BHS’s liquidators are investigating a swathe of property transactions that took place under the ownerships of Sir Philip Green and Dominic Chappell.
Sources close to the situation told The Guardian that FRP Advisory was undertaking a “massive exercise in data collation” as it bids to establish whether the retailer’s former directors breached their duties.
Insolvency practitioners have a legal duty to review the conduct of directors of any collapsed company.
As first reported by Retail Week, BHS tumbled into administration last April following a turbulent few years of trading.
The department store chain’s demise led to the loss of 11,000 jobs and left behind a £571m pension deficit.
A subsequent Parliamentary inquiry into BHS’s collapse concluded that the business had been plundered under the ownership of Green and Retail Acquisitions – the Chappell-led consortium that acquired the chain for a nominal £1 in March 2015.
Green, his family and other shareholders collected at least £580m in dividends from BHS during his 15-year ownership of the retailer, while Retail Acquisitions received payments worth as much as £25m from the business within just 13 months.
Both Green and Chappell were questioned about a number of property deals as part of the inquiry last year.
Green in particular was criticised over the sale of BHS’s shop in Ealing to a company run by his stepson, Brett Palos.
The transaction completed less than a week before the high-street chain was sold to Retail Acquisitions.
Palos, who also appeared before MPs, acquired the shop for £6.9m through his company Thackeray Estates, but sold it for a £3m profit just three months later.
Green insisted that he was not involved in the sale of the store and that Arcadia – Green’s retail business – had valued the property before selling it at that price.
Chappell also came under fire for selling BHS’s main warehouse in Atherstone, Warwickshire, to a company at which one of his friends, Mahmood Ismailjee, is a director.
Possible consequences
Under corporate law, directors have a duty not to sell assets for less than their value if their business is at risk of collapse.

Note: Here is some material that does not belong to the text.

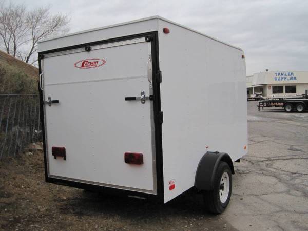 This 5x8 enclosed trailer has smooth skin, 3500. lb. axle, barn door, and a 2" coupler. Open Monday-Sunday 8am-5pm

Any directors found to have breached the regulations face being disqualified by the Insolvency Service.
Liquidators can also apply to the courts to reverse a transaction that occurred at an undervalue, providing it took place within two years of the insolvency.
A spokesman for FRP Advisory said: “We will be continuing our process of making recoveries through liquidation on behalf of all creditors and continuing with our statutory duties.”
FRP Advisory was drafted in as joint administrator for BHS alongside Duff & Phelps by the Pension Protection Fund, the department store chain’s biggest creditor.
It began the process of liquidating the business at the end of last year, but its former owner Green remains in talks with the Pensions Regulator over a deal to plug the black hole in its pension scheme.